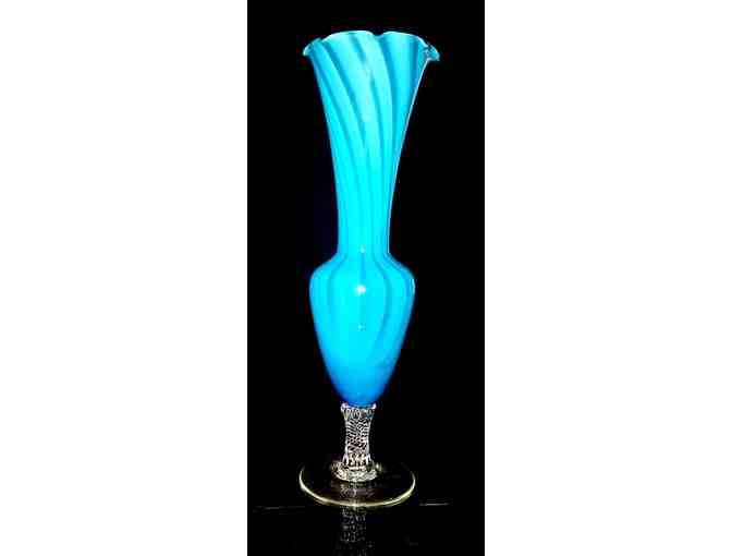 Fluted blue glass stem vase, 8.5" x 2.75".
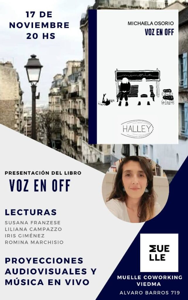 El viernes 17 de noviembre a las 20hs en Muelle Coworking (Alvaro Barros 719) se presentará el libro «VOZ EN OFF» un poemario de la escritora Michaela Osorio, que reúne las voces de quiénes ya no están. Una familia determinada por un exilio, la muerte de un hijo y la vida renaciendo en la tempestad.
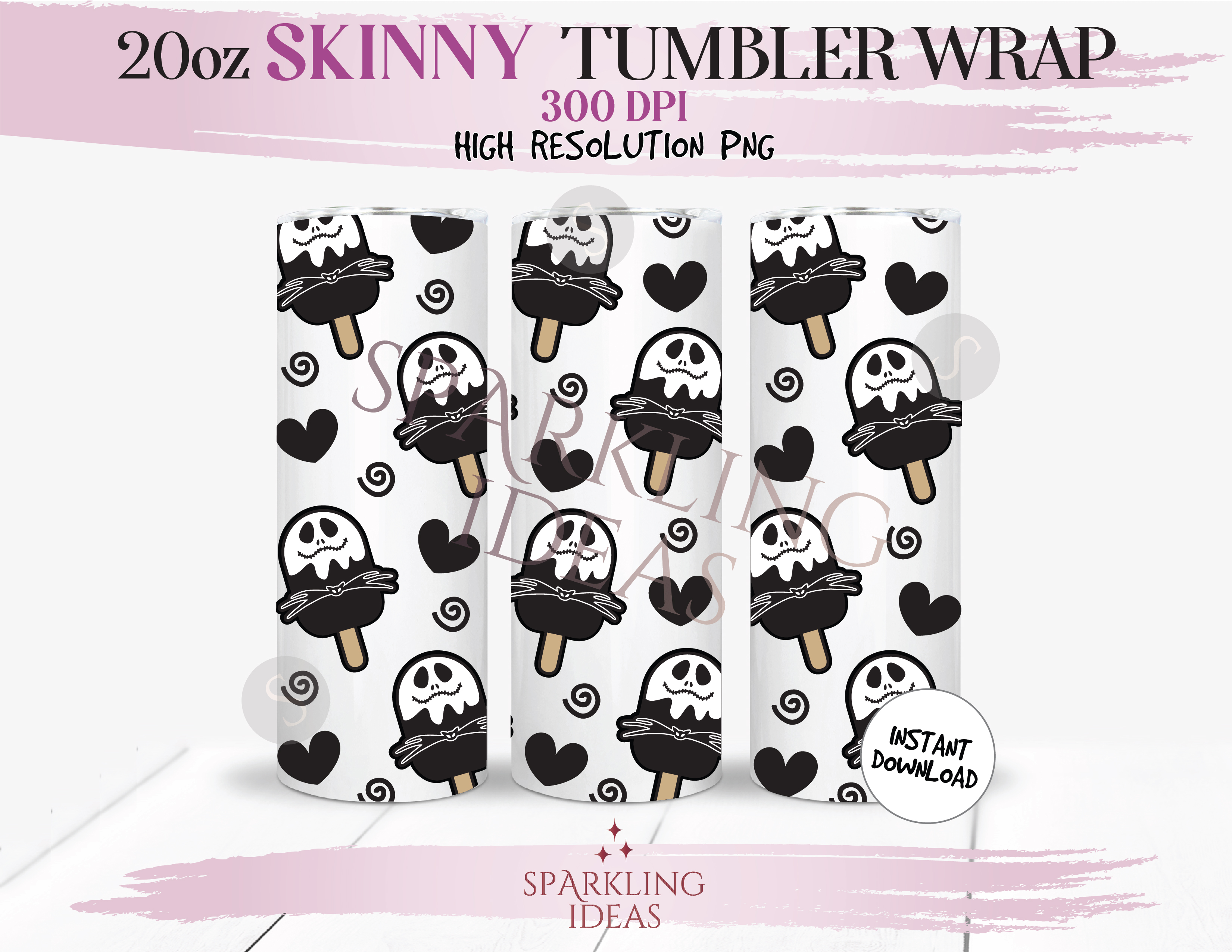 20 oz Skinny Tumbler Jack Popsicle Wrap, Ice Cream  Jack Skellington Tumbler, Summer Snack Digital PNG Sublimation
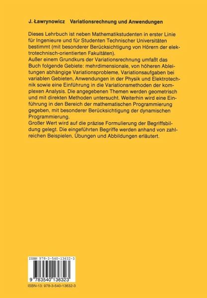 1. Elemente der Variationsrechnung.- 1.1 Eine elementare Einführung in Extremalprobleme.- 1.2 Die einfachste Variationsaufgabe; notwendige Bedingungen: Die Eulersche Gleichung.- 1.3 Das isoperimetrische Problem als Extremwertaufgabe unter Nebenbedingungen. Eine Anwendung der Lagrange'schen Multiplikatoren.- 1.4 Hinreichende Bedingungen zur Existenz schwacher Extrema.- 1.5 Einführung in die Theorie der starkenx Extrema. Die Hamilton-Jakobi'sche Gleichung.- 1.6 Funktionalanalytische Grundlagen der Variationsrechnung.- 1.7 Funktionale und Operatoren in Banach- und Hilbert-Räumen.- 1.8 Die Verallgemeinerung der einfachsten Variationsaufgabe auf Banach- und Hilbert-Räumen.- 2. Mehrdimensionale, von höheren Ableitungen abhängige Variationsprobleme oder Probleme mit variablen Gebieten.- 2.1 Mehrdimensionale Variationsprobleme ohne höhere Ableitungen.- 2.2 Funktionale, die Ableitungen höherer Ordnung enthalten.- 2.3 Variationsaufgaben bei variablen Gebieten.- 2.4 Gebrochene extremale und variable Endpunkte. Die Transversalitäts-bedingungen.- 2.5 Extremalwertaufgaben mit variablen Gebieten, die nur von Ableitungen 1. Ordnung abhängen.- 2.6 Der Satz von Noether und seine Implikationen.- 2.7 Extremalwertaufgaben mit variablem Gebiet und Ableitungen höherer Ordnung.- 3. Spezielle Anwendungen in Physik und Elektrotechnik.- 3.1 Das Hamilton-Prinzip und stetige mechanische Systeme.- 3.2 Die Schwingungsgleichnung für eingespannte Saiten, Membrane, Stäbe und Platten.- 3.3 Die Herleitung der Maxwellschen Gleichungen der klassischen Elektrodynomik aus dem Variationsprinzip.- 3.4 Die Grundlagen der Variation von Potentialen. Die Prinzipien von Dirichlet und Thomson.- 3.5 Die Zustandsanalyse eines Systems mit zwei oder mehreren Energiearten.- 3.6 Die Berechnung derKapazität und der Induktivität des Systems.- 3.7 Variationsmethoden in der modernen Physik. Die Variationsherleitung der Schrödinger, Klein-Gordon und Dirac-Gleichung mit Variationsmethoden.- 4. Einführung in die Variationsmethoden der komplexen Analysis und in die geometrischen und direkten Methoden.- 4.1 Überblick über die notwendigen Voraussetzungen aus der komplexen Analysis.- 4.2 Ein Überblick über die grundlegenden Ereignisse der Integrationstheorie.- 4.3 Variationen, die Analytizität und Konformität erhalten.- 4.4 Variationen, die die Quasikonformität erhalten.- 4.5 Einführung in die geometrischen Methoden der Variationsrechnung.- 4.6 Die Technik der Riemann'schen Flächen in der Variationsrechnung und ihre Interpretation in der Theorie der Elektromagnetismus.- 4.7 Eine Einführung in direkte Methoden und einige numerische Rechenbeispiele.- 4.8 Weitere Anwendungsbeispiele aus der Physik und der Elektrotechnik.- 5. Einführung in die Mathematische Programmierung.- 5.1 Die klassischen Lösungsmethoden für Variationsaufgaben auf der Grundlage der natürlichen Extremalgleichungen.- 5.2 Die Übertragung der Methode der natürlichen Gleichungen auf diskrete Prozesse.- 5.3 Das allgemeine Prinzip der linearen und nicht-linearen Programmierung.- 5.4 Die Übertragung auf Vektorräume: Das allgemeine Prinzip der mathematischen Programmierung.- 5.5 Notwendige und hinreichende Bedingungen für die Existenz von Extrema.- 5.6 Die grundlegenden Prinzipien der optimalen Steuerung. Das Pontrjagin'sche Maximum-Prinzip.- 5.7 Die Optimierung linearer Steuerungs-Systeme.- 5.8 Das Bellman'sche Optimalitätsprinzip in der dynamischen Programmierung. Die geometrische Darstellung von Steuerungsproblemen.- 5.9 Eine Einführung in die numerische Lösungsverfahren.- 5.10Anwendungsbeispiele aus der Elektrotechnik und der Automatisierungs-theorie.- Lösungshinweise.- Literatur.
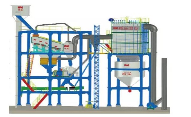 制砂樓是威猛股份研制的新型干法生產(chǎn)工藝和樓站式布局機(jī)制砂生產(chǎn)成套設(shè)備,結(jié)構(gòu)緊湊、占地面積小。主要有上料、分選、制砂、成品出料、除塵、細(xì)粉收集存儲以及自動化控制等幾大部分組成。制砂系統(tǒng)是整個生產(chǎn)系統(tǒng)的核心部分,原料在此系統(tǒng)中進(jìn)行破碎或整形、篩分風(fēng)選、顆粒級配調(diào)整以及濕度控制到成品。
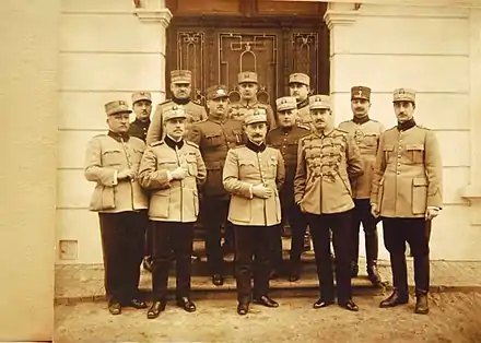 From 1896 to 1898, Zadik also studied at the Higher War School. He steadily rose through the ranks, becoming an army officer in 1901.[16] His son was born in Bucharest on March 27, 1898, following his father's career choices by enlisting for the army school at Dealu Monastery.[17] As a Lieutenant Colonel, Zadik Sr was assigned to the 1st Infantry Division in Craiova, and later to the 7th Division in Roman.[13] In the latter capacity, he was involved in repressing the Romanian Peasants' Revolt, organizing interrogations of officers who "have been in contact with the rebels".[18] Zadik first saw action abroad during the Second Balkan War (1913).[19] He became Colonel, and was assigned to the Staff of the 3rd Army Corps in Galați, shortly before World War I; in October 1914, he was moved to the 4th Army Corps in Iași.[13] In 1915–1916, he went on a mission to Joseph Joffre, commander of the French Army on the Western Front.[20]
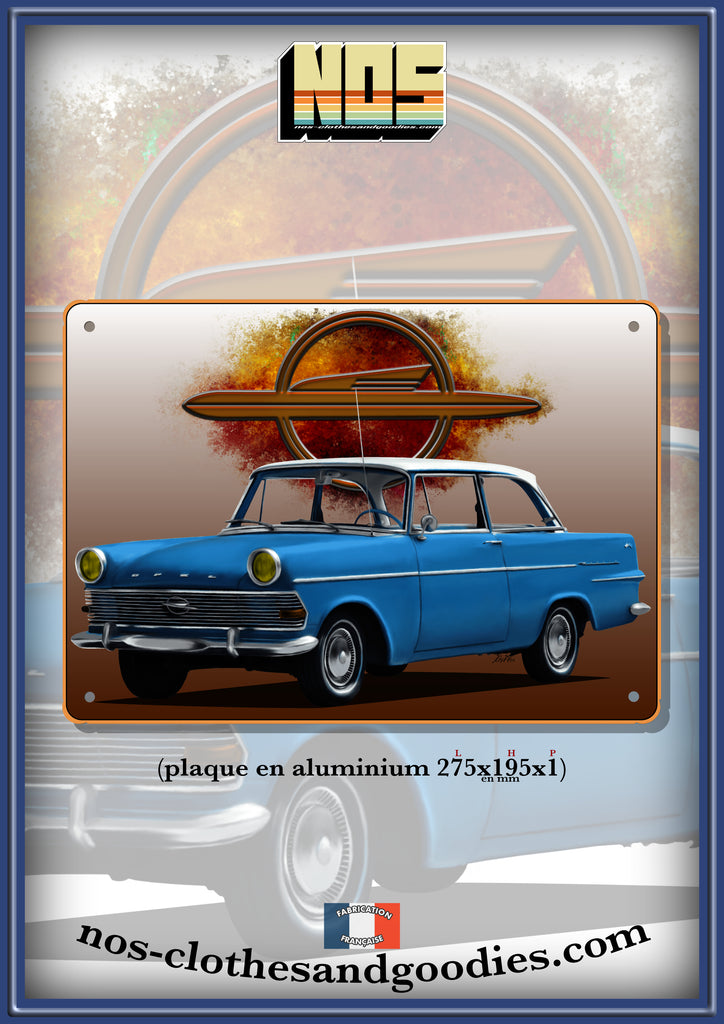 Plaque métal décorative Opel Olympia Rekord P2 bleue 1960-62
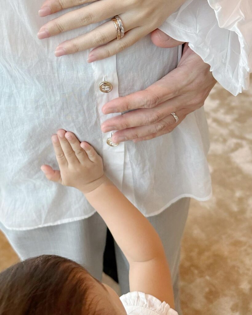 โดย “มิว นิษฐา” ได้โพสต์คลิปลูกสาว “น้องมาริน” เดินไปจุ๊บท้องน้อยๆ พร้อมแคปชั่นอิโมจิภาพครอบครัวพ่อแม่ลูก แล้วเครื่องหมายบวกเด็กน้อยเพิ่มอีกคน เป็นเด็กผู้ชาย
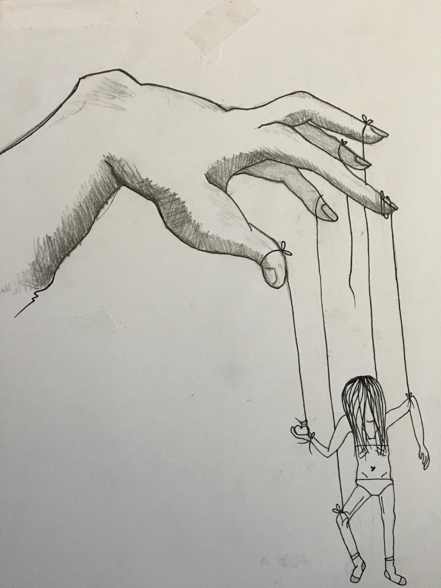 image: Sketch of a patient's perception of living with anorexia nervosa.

## [Your objective]
With the pictures left aside, set down each entry above exactly as it stands.

## [Written answer]
 Fluted blue glass stem vase, 8.5" x 2.75".
 El viernes 17 de noviembre a las 20hs en Muelle Coworking (Alvaro Barros 719) se presentará el libro «VOZ EN OFF» un poemario de la escritora Michaela Osorio, que reúne las voces de quiénes ya no están. Una familia determinada por un exilio, la muerte de un hijo y la vida renaciendo en la tempestad.
 20 oz Skinny Tumbler Jack Popsicle Wrap, Ice Cream  Jack Skellington Tumbler, Summer Snack Digital PNG Sublimation
 1. Elemente der Variationsrechnung.- 1.1 Eine elementare Einführung in Extremalprobleme.- 1.2 Die einfachste Variationsaufgabe; notwendige Bedingungen: Die Eulersche Gleichung.- 1.3 Das isoperimetrische Problem als Extremwertaufgabe unter Nebenbedingungen. Eine Anwendung der Lagrange'schen Multiplikatoren.- 1.4 Hinreichende Bedingungen zur Existenz schwacher Extrema.- 1.5 Einführung in die Theorie der starkenx Extrema. Die Hamilton-Jakobi'sche Gleichung.- 1.6 Funktionalanalytische Grundlagen der Variationsrechnung.- 1.7 Funktionale und Operatoren in Banach- und Hilbert-Räumen.- 1.8 Die Verallgemeinerung der einfachsten Variationsaufgabe auf Banach- und Hilbert-Räumen.- 2. Mehrdimensionale, von höheren Ableitungen abhängige Variationsprobleme oder Probleme mit variablen Gebieten.- 2.1 Mehrdimensionale Variationsprobleme ohne höhere Ableitungen.- 2.2 Funktionale, die Ableitungen höherer Ordnung enthalten.- 2.3 Variationsaufgaben bei variablen Gebieten.- 2.4 Gebrochene extremale und variable Endpunkte. Die Transversalitäts-bedingungen.- 2.5 Extremalwertaufgaben mit variablen Gebieten, die nur von Ableitungen 1. Ordnung abhängen.- 2.6 Der Satz von Noether und seine Implikationen.- 2.7 Extremalwertaufgaben mit variablem Gebiet und Ableitungen höherer Ordnung.- 3. Spezielle Anwendungen in Physik und Elektrotechnik.- 3.1 Das Hamilton-Prinzip und stetige mechanische Systeme.- 3.2 Die Schwingungsgleichnung für eingespannte Saiten, Membrane, Stäbe und Platten.- 3.3 Die Herleitung der Maxwellschen Gleichungen der klassischen Elektrodynomik aus dem Variationsprinzip.- 3.4 Die Grundlagen der Variation von Potentialen. Die Prinzipien von Dirichlet und Thomson.- 3.5 Die Zustandsanalyse eines Systems mit zwei oder mehreren Energiearten.- 3.6 Die Berechnung derKapazität und der Induktivität des Systems.- 3.7 Variationsmethoden in der modernen Physik. Die Variationsherleitung der Schrödinger, Klein-Gordon und Dirac-Gleichung mit Variationsmethoden.- 4. Einführung in die Variationsmethoden der komplexen Analysis und in die geometrischen und direkten Methoden.- 4.1 Überblick über die notwendigen Voraussetzungen aus der komplexen Analysis.- 4.2 Ein Überblick über die grundlegenden Ereignisse der Integrationstheorie.- 4.3 Variationen, die Analytizität und Konformität erhalten.- 4.4 Variationen, die die Quasikonformität erhalten.- 4.5 Einführung in die geometrischen Methoden der Variationsrechnung.- 4.6 Die Technik der Riemann'schen Flächen in der Variationsrechnung und ihre Interpretation in der Theorie der Elektromagnetismus.- 4.7 Eine Einführung in direkte Methoden und einige numerische Rechenbeispiele.- 4.8 Weitere Anwendungsbeispiele aus der Physik und der Elektrotechnik.- 5. Einführung in die Mathematische Programmierung.- 5.1 Die klassischen Lösungsmethoden für Variationsaufgaben auf der Grundlage der natürlichen Extremalgleichungen.- 5.2 Die Übertragung der Methode der natürlichen Gleichungen auf diskrete Prozesse.- 5.3 Das allgemeine Prinzip der linearen und nicht-linearen Programmierung.- 5.4 Die Übertragung auf Vektorräume: Das allgemeine Prinzip der mathematischen Programmierung.- 5.5 Notwendige und hinreichende Bedingungen für die Existenz von Extrema.- 5.6 Die grundlegenden Prinzipien der optimalen Steuerung. Das Pontrjagin'sche Maximum-Prinzip.- 5.7 Die Optimierung linearer Steuerungs-Systeme.- 5.8 Das Bellman'sche Optimalitätsprinzip in der dynamischen Programmierung. Die geometrische Darstellung von Steuerungsproblemen.- 5.9 Eine Einführung in die numerische Lösungsverfahren.- 5.10Anwendungsbeispiele aus der Elektrotechnik und der Automatisierungs-theorie.- Lösungshinweise.- Literatur.
 制砂樓是威猛股份研制的新型干法生產(chǎn)工藝和樓站式布局機(jī)制砂生產(chǎn)成套設(shè)備,結(jié)構(gòu)緊湊、占地面積小。主要有上料、分選、制砂、成品出料、除塵、細(xì)粉收集存儲以及自動化控制等幾大部分組成。制砂系統(tǒng)是整個生產(chǎn)系統(tǒng)的核心部分,原料在此系統(tǒng)中進(jìn)行破碎或整形、篩分風(fēng)選、顆粒級配調(diào)整以及濕度控制到成品。
 From 1896 to 1898, Zadik also studied at the Higher War School. He steadily rose through the ranks, becoming an army officer in 1901.[16] His son was born in Bucharest on March 27, 1898, following his father's career choices by enlisting for the army school at Dealu Monastery.[17] As a Lieutenant Colonel, Zadik Sr was assigned to the 1st Infantry Division in Craiova, and later to the 7th Division in Roman.[13] In the latter capacity, he was involved in repressing the Romanian Peasants' Revolt, organizing interrogations of officers who "have been in contact with the rebels".[18] Zadik first saw action abroad during the Second Balkan War (1913).[19] He became Colonel, and was assigned to the Staff of the 3rd Army Corps in Galați, shortly before World War I; in October 1914, he was moved to the 4th Army Corps in Iași.[13] In 1915–1916, he went on a mission to Joseph Joffre, commander of the French Army on the Western Front.[20]
 Plaque métal décorative Opel Olympia Rekord P2 bleue 1960-62
 โดย “มิว นิษฐา” ได้โพสต์คลิปลูกสาว “น้องมาริน” เดินไปจุ๊บท้องน้อยๆ พร้อมแคปชั่นอิโมจิภาพครอบครัวพ่อแม่ลูก แล้วเครื่องหมายบวกเด็กน้อยเพิ่มอีกคน เป็นเด็กผู้ชาย
 image: Sketch of a patient's perception of living with anorexia nervosa.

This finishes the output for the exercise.